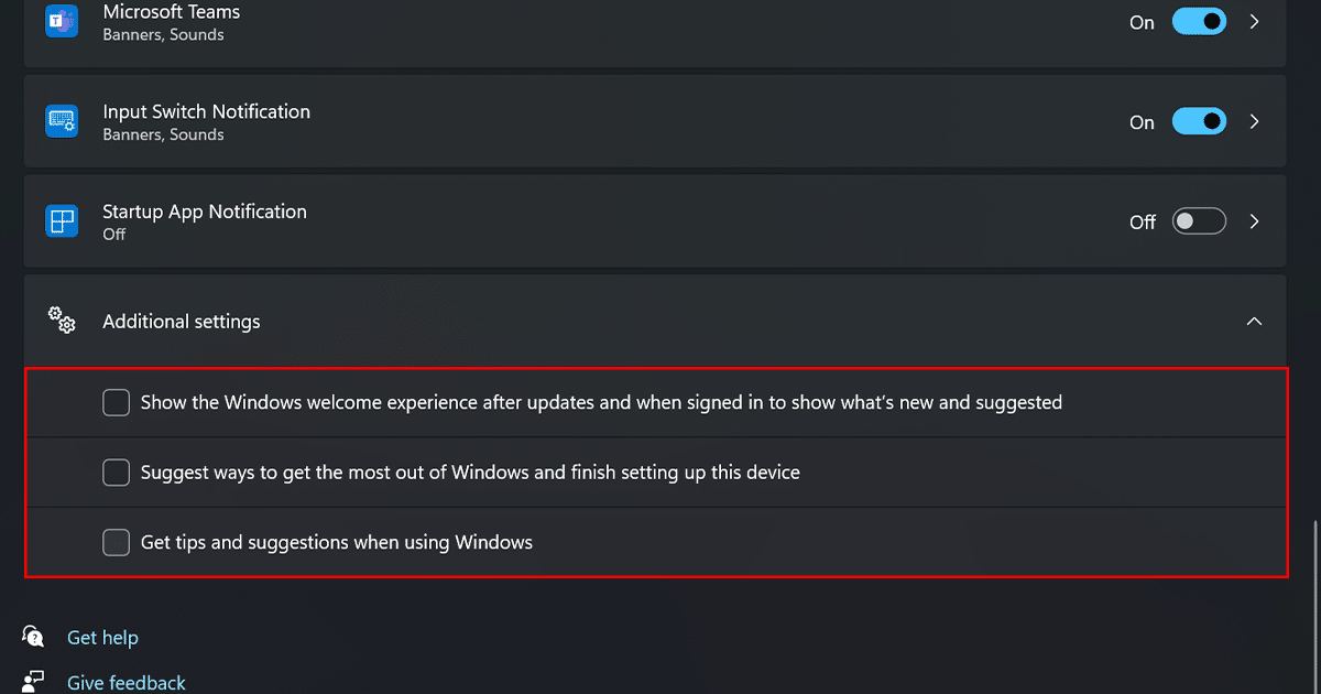 - 次のスイッチを切り替えるWindowsを使用するときにヒントと提案を入手してください。」
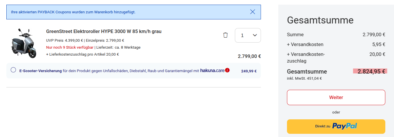 Gut, ich sehe gerade dass noch ca. 26 € Frachtkosten hinzukommen:
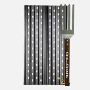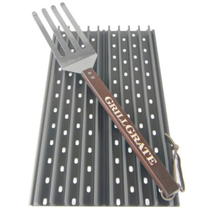 GrillGrate är ett viktigt tillbehör till din grill. Oavsett om du placerar dem över befintliga galler på din gas-, kol- eller pelletsgrill, eller använder dem för att ersätta fabriksgallren, kommer GrillGrate att få din gamla grill att se bättre ut än ny. Tillverkad av hårdanodiserad aluminium, rostar aldrig. GrillGrates är roterbara, sammankopplade paneler som ger dig två grillytor i en. Jämna ut de varma och kalla ställena och säg adjö till flare-ups med GrillGrates. GrillGrates gör alla till en bättre, snabbare och mer självsäker kock. Hårdanodiserad aluminium och upphöjd rälsdesign främjar ledning och kontroll för saftigare och godare mat. Steakhouse kvalitetsbrynmärken, garanterat!
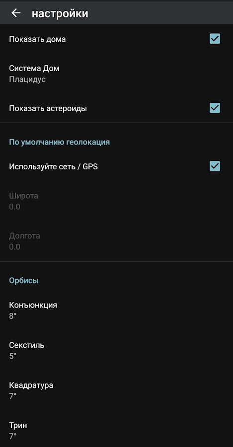 — Приложение определяет местоположение и отображает астрологические дома.

== EXERCISE DESCRIPTION ==
The exact lines from the beginning of the data through the one that contains "Gut, ich sehe" must be given again, both ends included, and pictures must be left out.

== RESPONSE TO THIS EXERCISE ==
 - 次のスイッチを切り替えるWindowsを使用するときにヒントと提案を入手してください。」
 Gut, ich sehe gerade dass noch ca. 26 € Frachtkosten hinzukommen:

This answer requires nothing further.